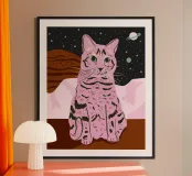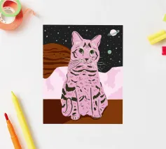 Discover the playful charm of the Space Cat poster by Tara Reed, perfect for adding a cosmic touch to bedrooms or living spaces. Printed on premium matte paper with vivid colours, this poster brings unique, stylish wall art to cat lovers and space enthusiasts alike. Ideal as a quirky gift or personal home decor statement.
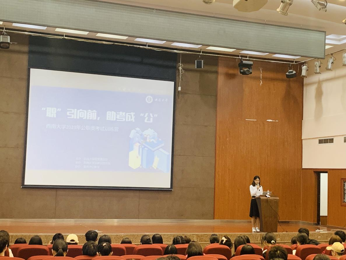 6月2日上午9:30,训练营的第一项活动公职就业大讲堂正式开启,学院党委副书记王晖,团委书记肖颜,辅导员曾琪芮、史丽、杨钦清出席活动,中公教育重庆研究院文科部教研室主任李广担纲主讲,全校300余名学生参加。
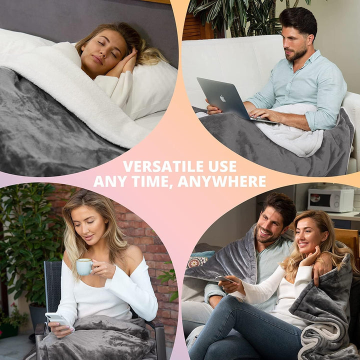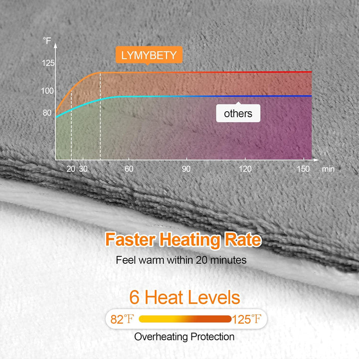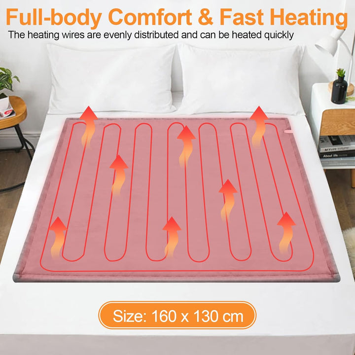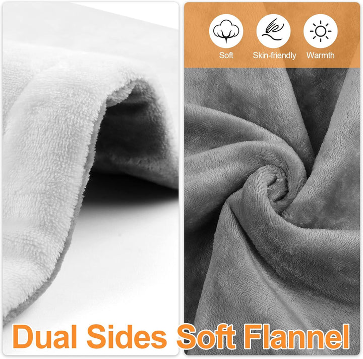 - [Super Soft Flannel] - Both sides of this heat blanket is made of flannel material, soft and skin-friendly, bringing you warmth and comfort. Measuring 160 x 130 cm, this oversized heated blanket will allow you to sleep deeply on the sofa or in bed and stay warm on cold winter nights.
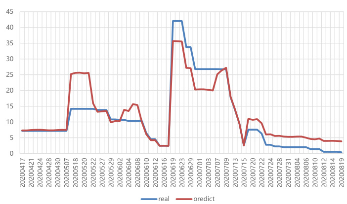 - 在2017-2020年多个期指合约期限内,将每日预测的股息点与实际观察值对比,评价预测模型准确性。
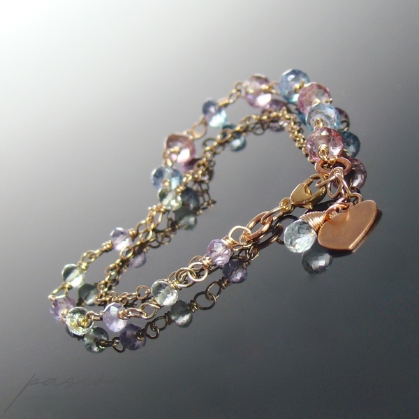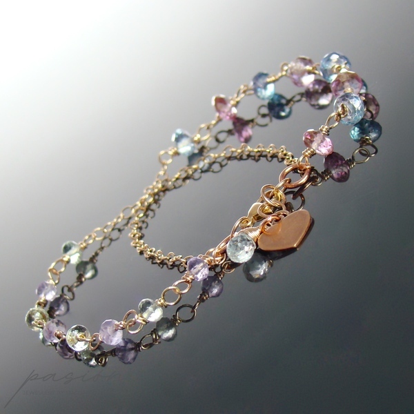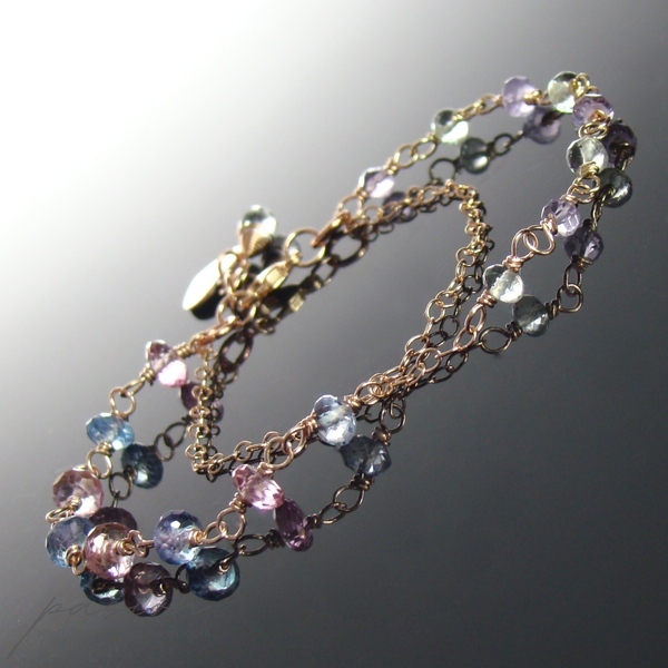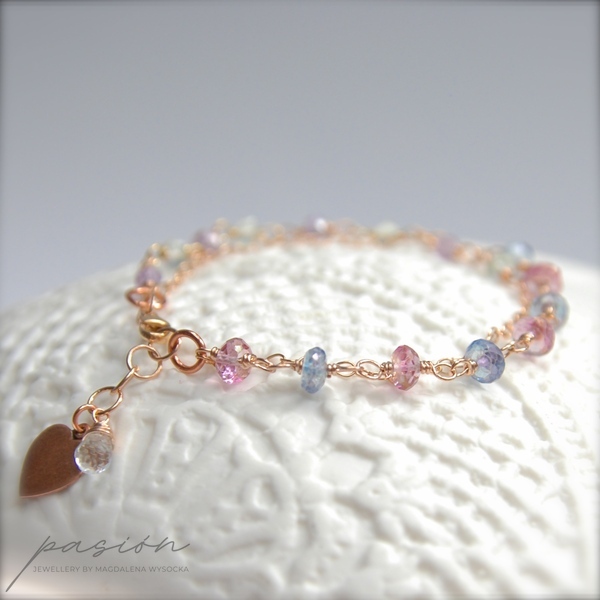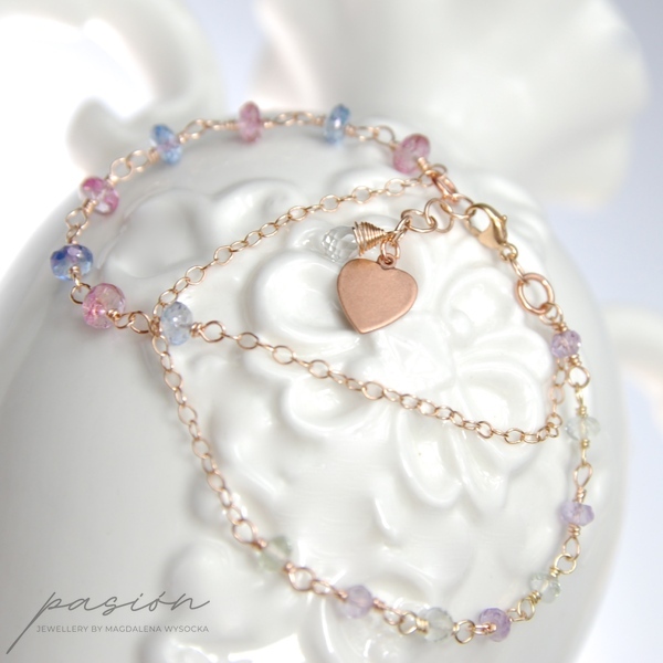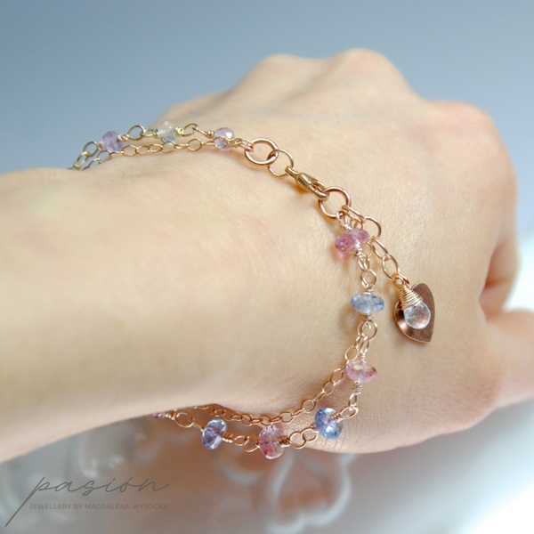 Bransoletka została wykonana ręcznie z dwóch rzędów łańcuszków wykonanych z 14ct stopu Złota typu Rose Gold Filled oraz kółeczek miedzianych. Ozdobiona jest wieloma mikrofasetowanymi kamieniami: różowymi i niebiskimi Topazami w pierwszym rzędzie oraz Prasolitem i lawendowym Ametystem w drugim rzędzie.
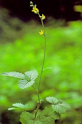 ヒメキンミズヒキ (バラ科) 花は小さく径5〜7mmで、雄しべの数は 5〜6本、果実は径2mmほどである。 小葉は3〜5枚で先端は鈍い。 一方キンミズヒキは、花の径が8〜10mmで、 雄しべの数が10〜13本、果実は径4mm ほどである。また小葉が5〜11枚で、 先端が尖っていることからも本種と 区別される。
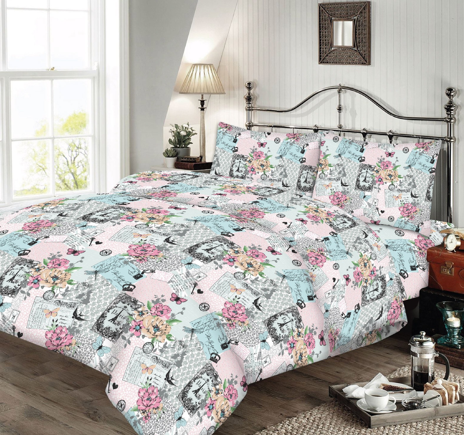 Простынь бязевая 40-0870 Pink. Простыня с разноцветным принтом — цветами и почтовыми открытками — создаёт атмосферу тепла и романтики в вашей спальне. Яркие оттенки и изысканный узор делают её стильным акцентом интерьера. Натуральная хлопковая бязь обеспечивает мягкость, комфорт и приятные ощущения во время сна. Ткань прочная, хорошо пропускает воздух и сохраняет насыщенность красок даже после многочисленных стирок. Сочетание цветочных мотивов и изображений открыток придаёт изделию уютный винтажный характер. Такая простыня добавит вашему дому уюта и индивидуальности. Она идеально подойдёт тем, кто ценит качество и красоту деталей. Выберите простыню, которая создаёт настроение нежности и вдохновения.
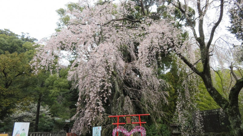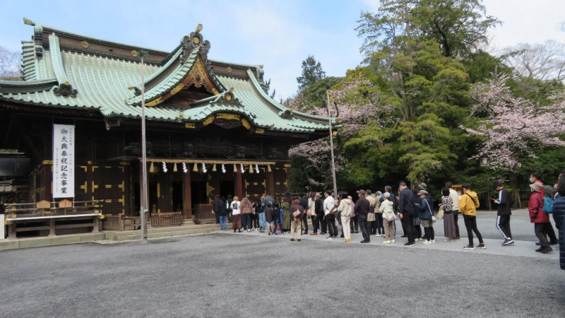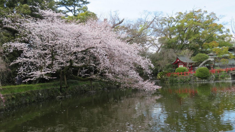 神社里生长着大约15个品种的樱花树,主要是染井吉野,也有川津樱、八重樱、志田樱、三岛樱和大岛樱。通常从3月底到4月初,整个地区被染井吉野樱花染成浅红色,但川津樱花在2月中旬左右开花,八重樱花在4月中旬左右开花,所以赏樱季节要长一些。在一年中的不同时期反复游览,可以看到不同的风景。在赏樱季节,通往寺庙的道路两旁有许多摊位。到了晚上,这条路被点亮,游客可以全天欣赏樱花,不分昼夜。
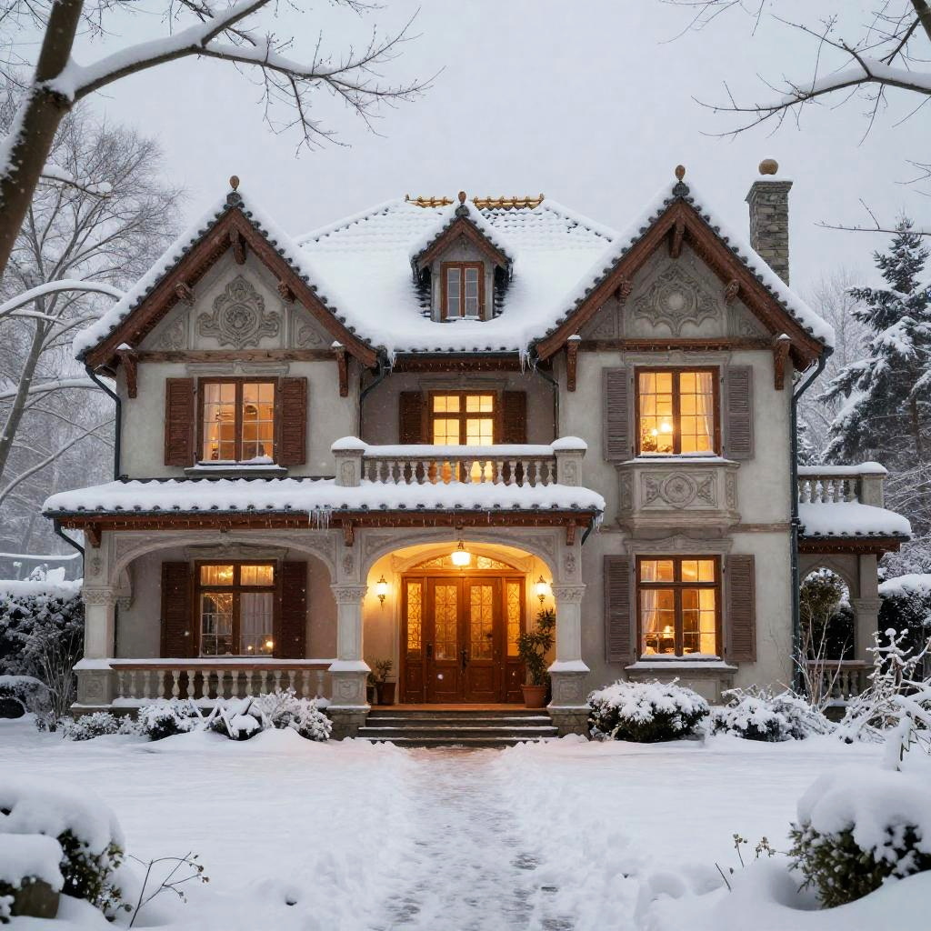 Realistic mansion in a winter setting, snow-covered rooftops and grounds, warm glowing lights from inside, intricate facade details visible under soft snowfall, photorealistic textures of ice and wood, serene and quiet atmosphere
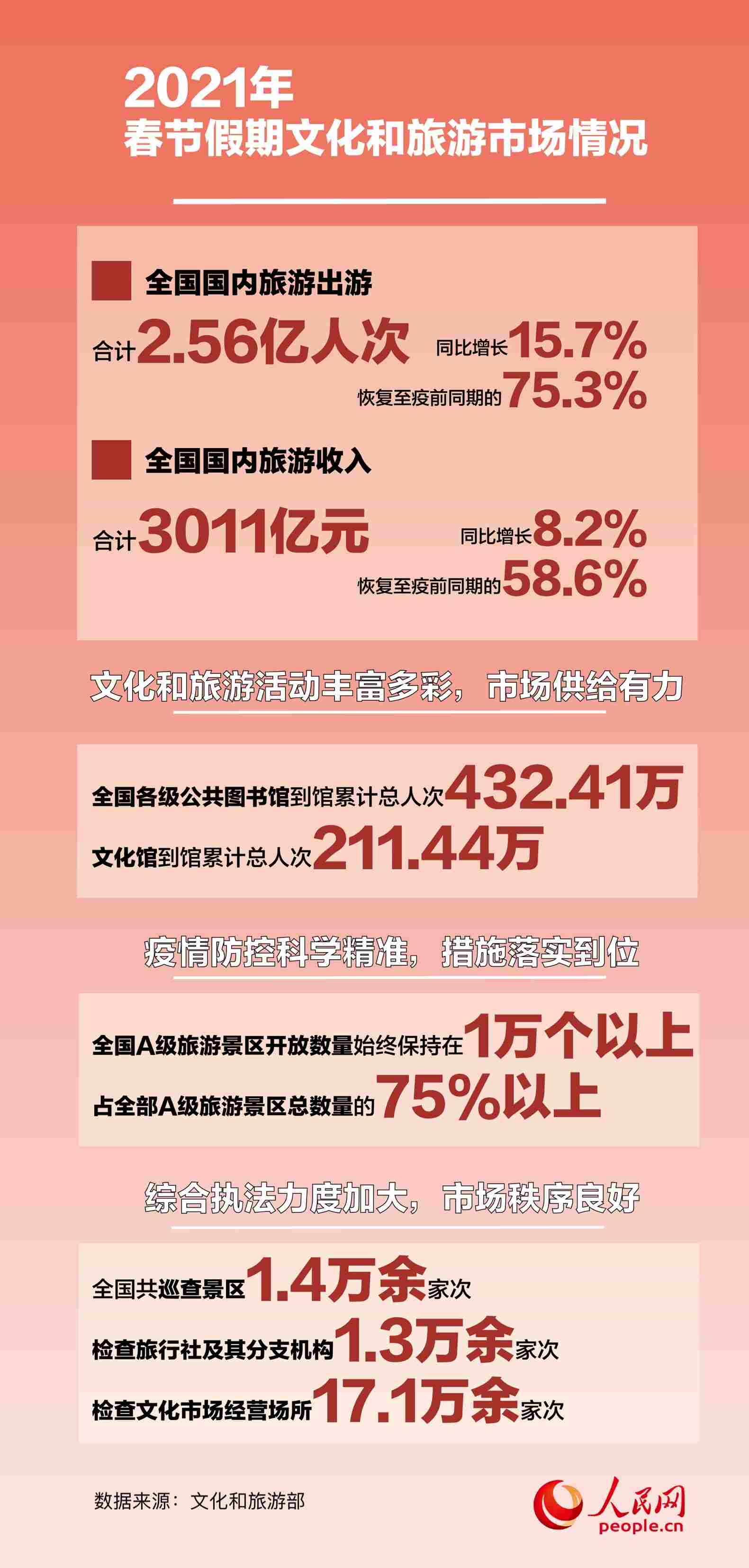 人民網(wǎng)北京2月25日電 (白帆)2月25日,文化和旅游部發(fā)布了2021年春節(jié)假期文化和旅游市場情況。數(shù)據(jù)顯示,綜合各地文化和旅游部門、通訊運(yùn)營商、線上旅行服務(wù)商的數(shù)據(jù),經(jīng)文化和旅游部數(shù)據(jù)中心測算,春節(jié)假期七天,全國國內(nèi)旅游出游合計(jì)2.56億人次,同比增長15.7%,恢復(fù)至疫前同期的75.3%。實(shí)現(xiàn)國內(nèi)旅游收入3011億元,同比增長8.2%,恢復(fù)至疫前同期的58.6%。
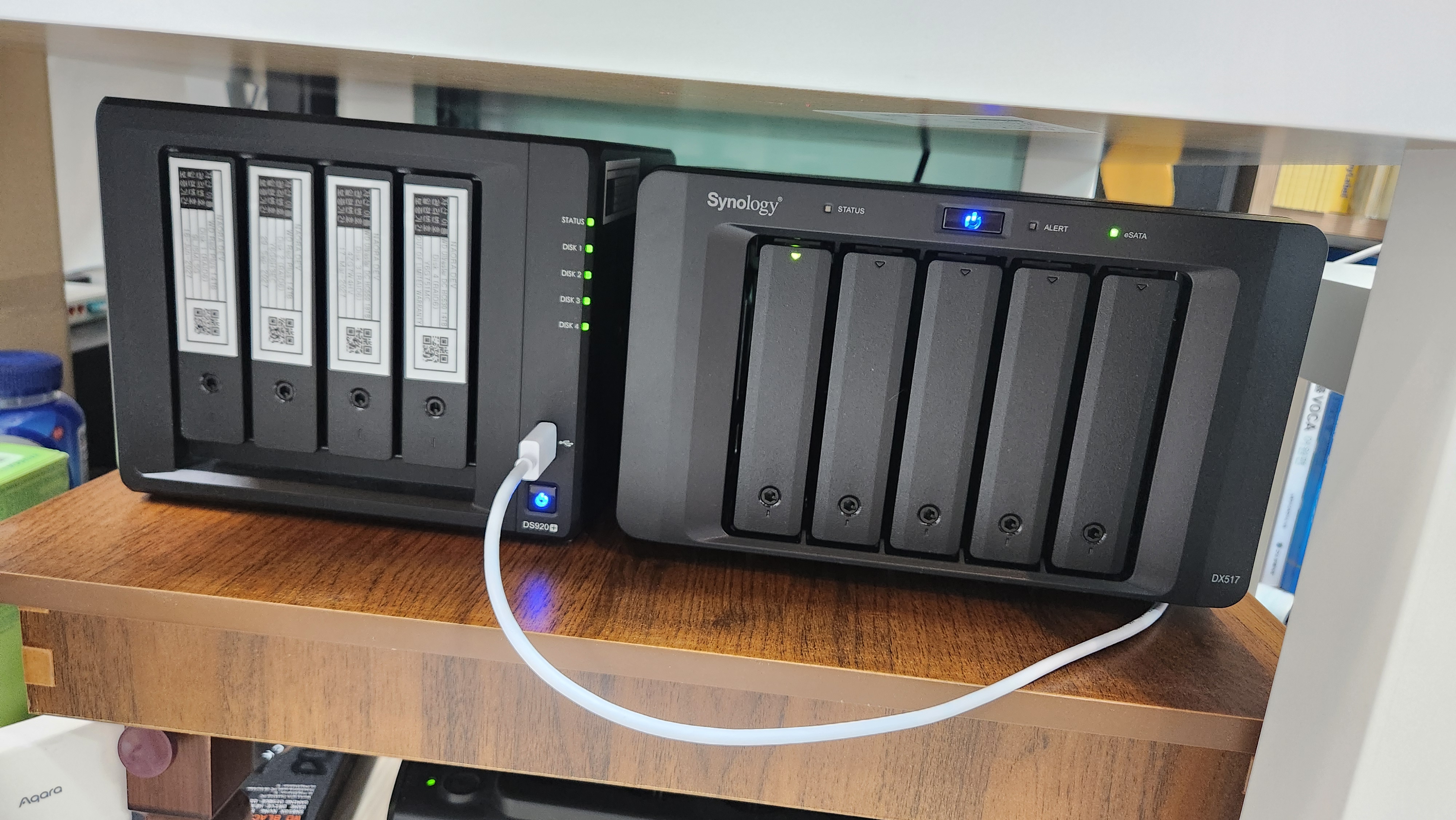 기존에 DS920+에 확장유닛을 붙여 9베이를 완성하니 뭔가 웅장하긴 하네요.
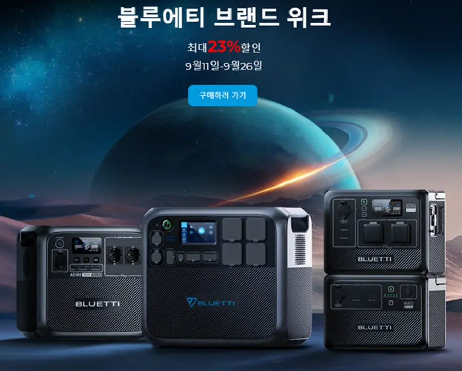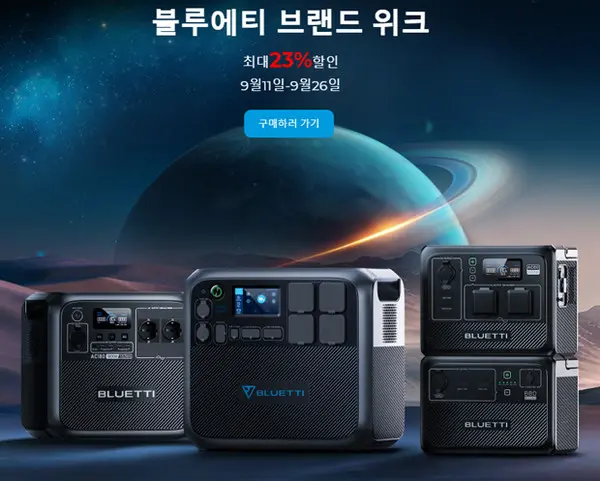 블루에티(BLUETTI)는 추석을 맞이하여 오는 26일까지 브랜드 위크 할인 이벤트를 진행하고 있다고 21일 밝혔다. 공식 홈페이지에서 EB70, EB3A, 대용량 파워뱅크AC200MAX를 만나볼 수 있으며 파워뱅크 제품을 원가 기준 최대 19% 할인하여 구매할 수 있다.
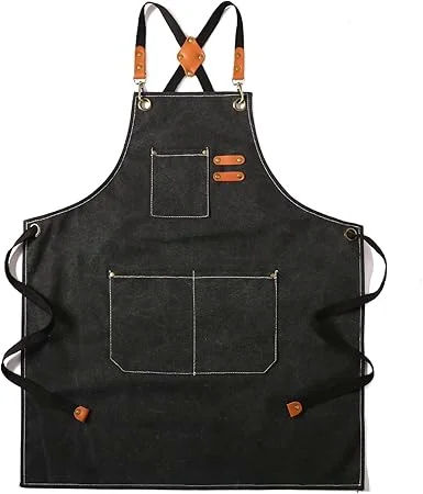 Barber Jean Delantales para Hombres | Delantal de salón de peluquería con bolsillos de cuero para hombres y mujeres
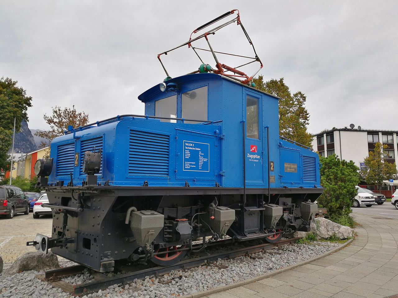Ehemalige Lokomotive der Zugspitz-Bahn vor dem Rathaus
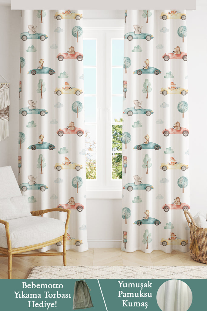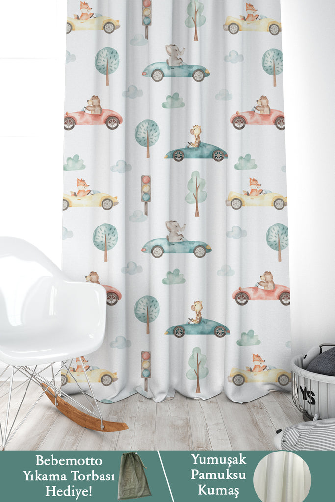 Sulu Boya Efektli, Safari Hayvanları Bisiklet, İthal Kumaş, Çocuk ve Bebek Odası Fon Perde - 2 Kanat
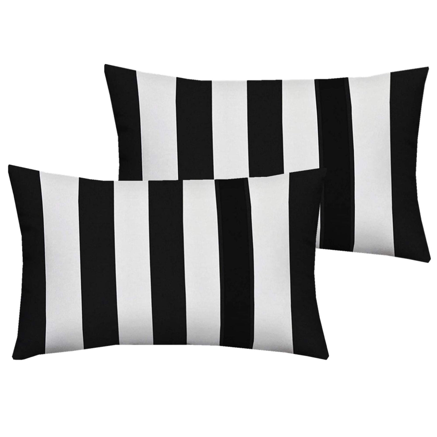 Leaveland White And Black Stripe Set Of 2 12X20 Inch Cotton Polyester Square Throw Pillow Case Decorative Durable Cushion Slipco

++++++

Set down again, word for word, every line from the one with "- [Super Soft" to the one with "ヒメキンミズヒキ (バラ科) 花は小さく径5〜7mmで、雄しべの数は" in the entries above, and omit the pictures.

Answer section:
 - [Super Soft Flannel] - Both sides of this heat blanket is made of flannel material, soft and skin-friendly, bringing you warmth and comfort. Measuring 160 x 130 cm, this oversized heated blanket will allow you to sleep deeply on the sofa or in bed and stay warm on cold winter nights.
 - 在2017-2020年多个期指合约期限内,将每日预测的股息点与实际观察值对比,评价预测模型准确性。
 Bransoletka została wykonana ręcznie z dwóch rzędów łańcuszków wykonanych z 14ct stopu Złota typu Rose Gold Filled oraz kółeczek miedzianych. Ozdobiona jest wieloma mikrofasetowanymi kamieniami: różowymi i niebiskimi Topazami w pierwszym rzędzie oraz Prasolitem i lawendowym Ametystem w drugim rzędzie.
 ヒメキンミズヒキ (バラ科) 花は小さく径5〜7mmで、雄しべの数は 5〜6本、果実は径2mmほどである。 小葉は3〜5枚で先端は鈍い。 一方キンミズヒキは、花の径が8〜10mmで、 雄しべの数が10〜13本、果実は径4mm ほどである。また小葉が5〜11枚で、 先端が尖っていることからも本種と 区別される。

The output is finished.